Empresas y finanzas

Iceland president forces new Icesave referendum

By Omar Valdimarsson

REYKJAVIK (Reuters) - Iceland's president on Sunday triggered a referendum on an updated plan to repay $5 billion to Britain and the Netherlands for debts incurred in the financial crisis, renewing uncertainty over economic recovery.

Iceland, where the economy and financial system crashed in late 2008, owes Britain and the Netherlands money they used to bail out domestic savers who lost money in online "Icesave" accounts run by a failed Icelandic bank.

Icelandic President Olafur Grimsson said the new terms thrashed out over months of negotiation were better than the first deal, rejected by Icelanders last year.

However, he said it was fundamental "the people exercised legislative power in the Icesave dispute."

"I have, therefore, decided in accordance with Article 26 of the constitution, to refer the new bill to a referendum."

Icelandic Finance Minister Steingrimur Sigfusson said the government would not resign.

"There is no reason for that," he said. "If the agreement is defeated in the referendum, we will address that question."

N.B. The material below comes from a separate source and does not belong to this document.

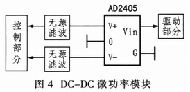 控製電路為弱電部分,極易受到幹擾;驅動電路直接與外電路連接,是一個較強的幹擾源;為wei了le實shi現xian整zheng個ge設she備bei的de電dian磁ci兼jian容rong,控kong製zhi電dian路lu部bu分fen必bi須xu與yu驅qu動dong部bu分fen隔ge離li。為wei了le避bi免mian公gong共gong電dian源yuan對dui控kong製zhi電dian路lu產chan生sheng幹gan擾rao,應ying對dui控kong製zhi電dian路lu及ji驅qu動dong電dian路lu分fen別bie供gong電dian,EXB84l的電源電壓為+20V,一般控製電路的供電電壓為5V,因此,可以利用圖4所示的DC-DC微功率模塊進行電源隔離,采用A2405D型微功率模塊實現電源的隔離。

A referendum will be held as soon as possible but will not take place for at least a month.

Resolving the Icesave dispute has long been seen as necessary for Iceland's plan to join the European Union and for getting the economy back on its feet.

The government wants a deal, but there is deep resentment on the island. Many Icelanders believe it is unfair that taxpayers must foot the bill for mistakes made by private banks.

The Dutch government said the time had passed for talks over Iceland's debts.

"We have passed the stage of negotiations, but it is not up to us how this situation in Iceland will advance. We are sure the Icelandic government will consider the new situation and we hope to hear from them soon," Dutch Finance Ministry spokesman Niels Redeker said.

A British Treasury spokesman said: "We have noted the decision of the Icelandic president. We look forward to clarification of the Icelandic position in the coming days."

COLLAPSE

Iceland's financial meltdown caused the crown currency to collapse and sent the economy into a tailspin. The country had to be bailed out by the International Monetary Fund and others.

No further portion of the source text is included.